官术网_书友最值得收藏!

Unsupervised learning example – marketing segments

Suppose we are given a large (one million rows) dataset where each row/observation is a single person with basic demographic information (age, gender, and so on) as well as the number of items purchased, which represents how many items this person has bought from a particular store:

This is a sample of our marketing dataset where each row represents a single customer with three basic attributes about each person. Our goal will be to segment this dataset into types or clusters of people so that the company performing the analysis can understand the customer profiles much better.
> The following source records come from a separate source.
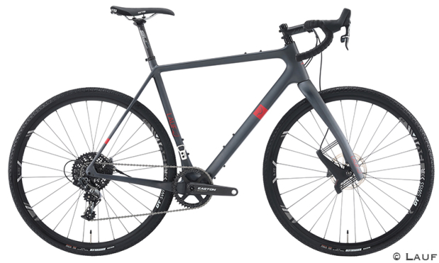 The Lauf True Grit. In size L. With a 70.5deg HTA and a fork rake of 47mm, this bike is the most "stable" of the bunch. This is basically a hard-tail 29er with drop bars. This is what I rode for Kanza, and I think it was the perfect bike for that course. The suspension fork and stable geometry are a boon over 206mi of rough – but mostly straight – roads.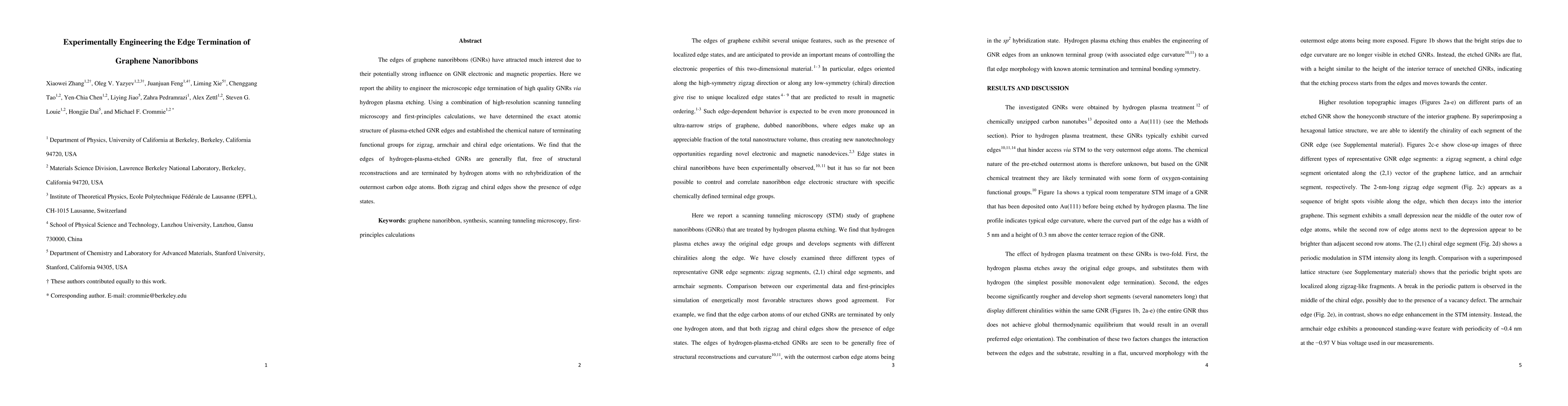 This study demonstrates the successful engineering of graphene nanoribbon (GNR) edge termination using hydrogen plasma etching, revealing flat edges terminated by hydrogen atoms without structural reconstructions, as confirmed by high-resolution microscopy and computational modeling. Edge states are observed in both zigzag and chiral configurations.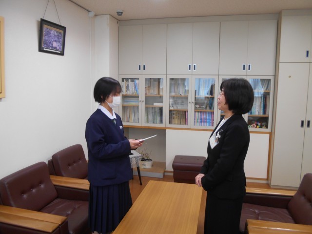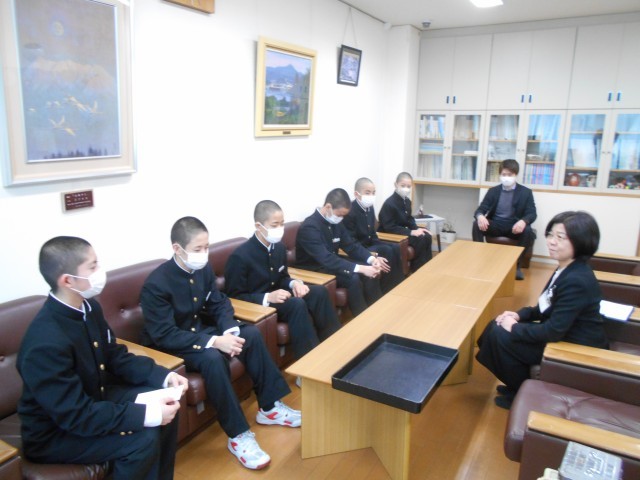 全国大会で頑張れ奥中生! 公開日 2025/12/27 更新日 2025/12/27 学校だより 12月24日、放課後に全国大会に出場するバレーボール部と剣道部の生徒に同窓会からの激励費を贈る会を行いました。生徒は、力強く大会での抱負を語り、出発しました。奥中生の健闘を祈っています!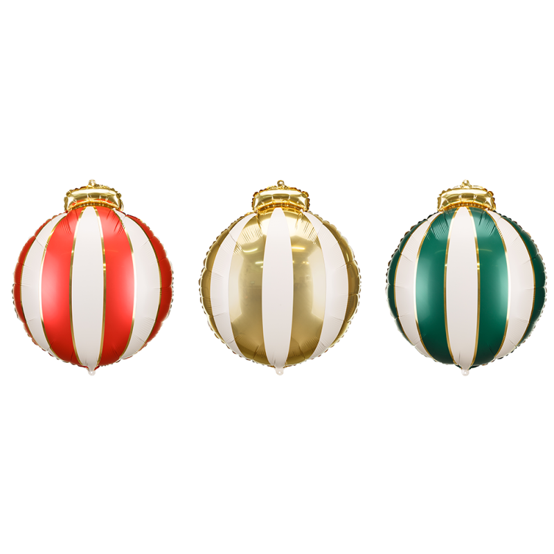 Впечатляващи фолиеви топки в класическата празнична комбинация от червено, зелено, бяло и злато. Големият им обем и елегантните вертикални линии ги правят идеален акцент за фотокът, празничен ъгъл, около елхата или като част от красива композиция с подаръци.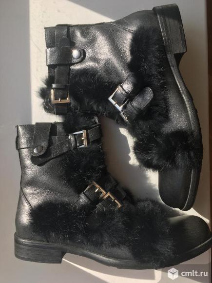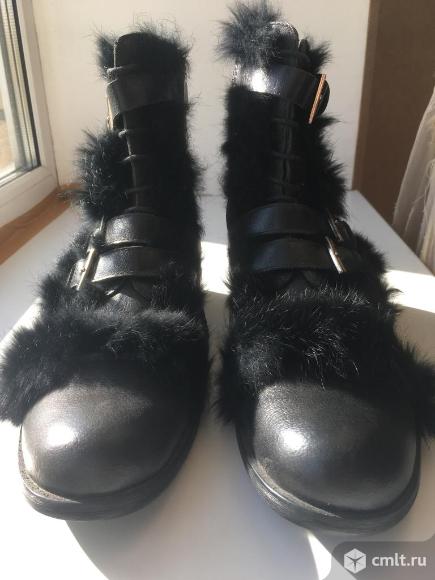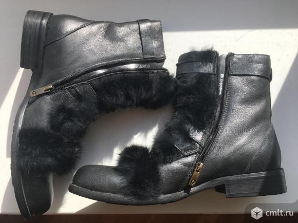 Ботинки сапоги новые кожаные черные зимние с мехом размер 43 подошва проти скольжения противогололедная внутри овчина сверху мех кролик на шнурках и замках обувь бренд новая коллекция зима Оплата на карту сбербанка или наличными при встрече Много всего продаю за ходите на мои страницы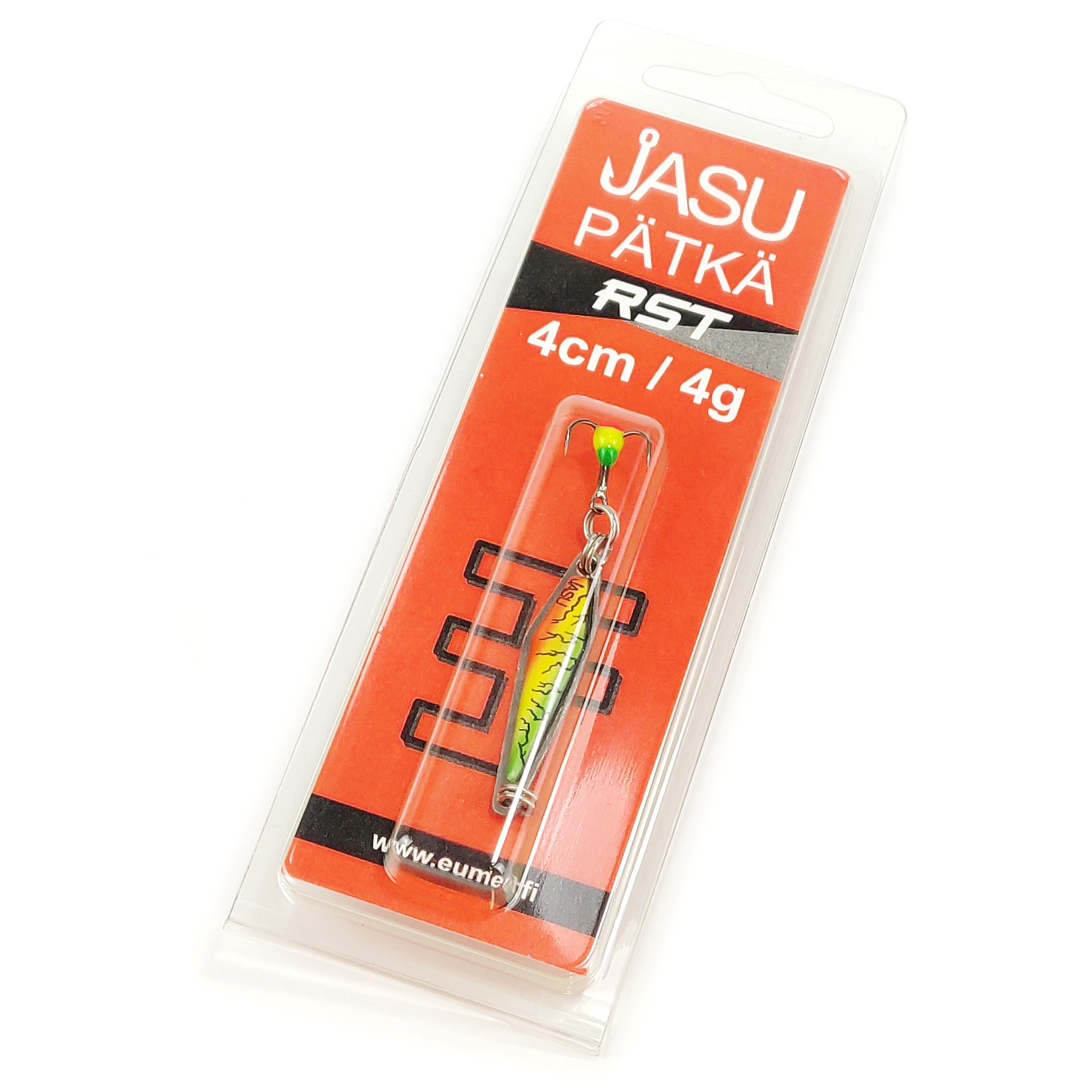 Small but spicy! Jasu Pätkä is made in Satakunta, Finland. It is a combination of a spoon and a vertical ice fishing spoon and can be used for ice fishing but you can also cast it with a spinning rod. So this is very versatile lure and can be used year round. It's especially effective for perch, trout and grayling. It's made of stainless steel and coated with an unbreakable 3D coating. Sharp treble hook is attached with double rings.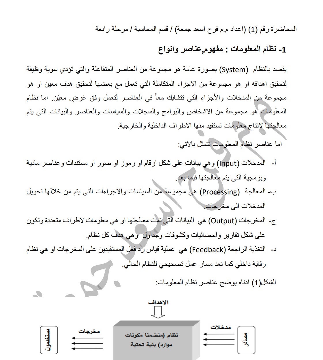 الاسئلة الامتحانية- قسم نظم المعلومات
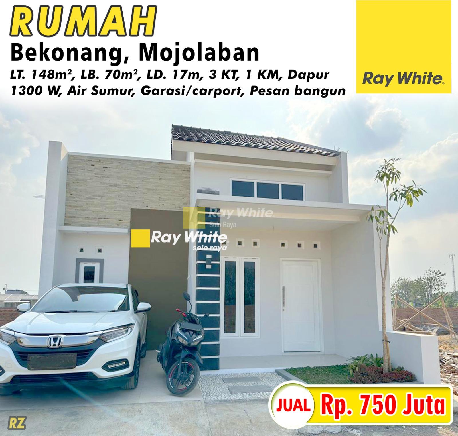 LT. 148m2, LB. 70m2, LD. 17m, 3KT, 1KM, Dapur, 1300W, Air Sumur, Garasi/Carport, Pesan bangun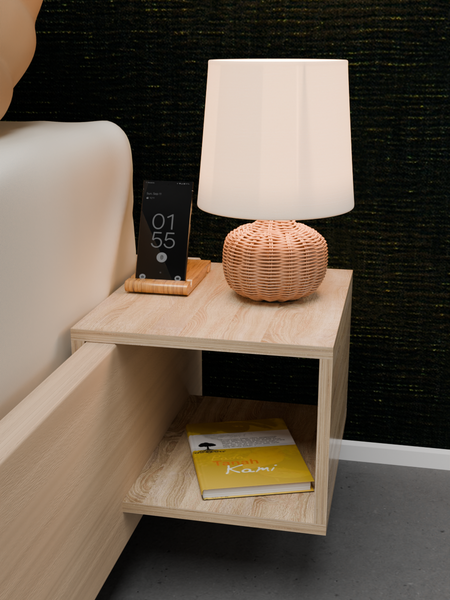 Если вы ищете стильное и функциональное решение для хранения мелочей в спальне, обратите внимание на наш парящий прикроватный столик-тумбочку. Этот уникальный элемент мебели сочетает в себе современный дизайн и удобство использования, позволяя эффективно организовать пространство и обеспечить легкий доступ к важным вещам. Крепящаяся к кровати полочка идеально подходит для любых интерьерных стилей, будь то современный или классический. Компактные размеры позволяют ей вписаться в даже самые небольшие комнаты, освобождая пространство на полу. На такой прикроватной полке удобно разместить ночник, книгу или стакан с водой, что делает её не только красивым, но и практичным элементом. Подойдет для кроватей с шириной бортика от 16 до 22 мм.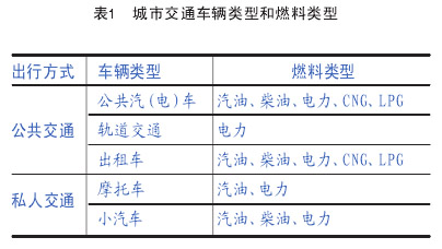 城市客运从交通方式可划分为公共交通和私人交通两大体系(表1)。私人交通主要包括步行、自行车、摩托车、小汽车,公共交通主要包括公共汽(电)车、出租车、轨道交通(地铁、轻轨)。消耗的能源品种主要为石油产品(汽油、柴油)以及电力,压缩天然气(CNG)、液化石油气(LPG)在一些城市公共汽车和出租车中使用。

Now, of course, We’ve only shown 8 out of one million rows, which can be daunting. Of course, we can perform basic descriptive statistics on this dataset and get averages, standard deviations, and so on of our numerical columns; however, what if we wished to segment these one million people into different types so that the marketing department can have a much better sense of the types of people who shop and create more appropriate advertisements for each segment?

Each type of customer would exhibit particular qualities that make that segment unique. For example, they may find that 20% of their customers fall into a category they like to call young and wealthy that are generally younger and purchase several items.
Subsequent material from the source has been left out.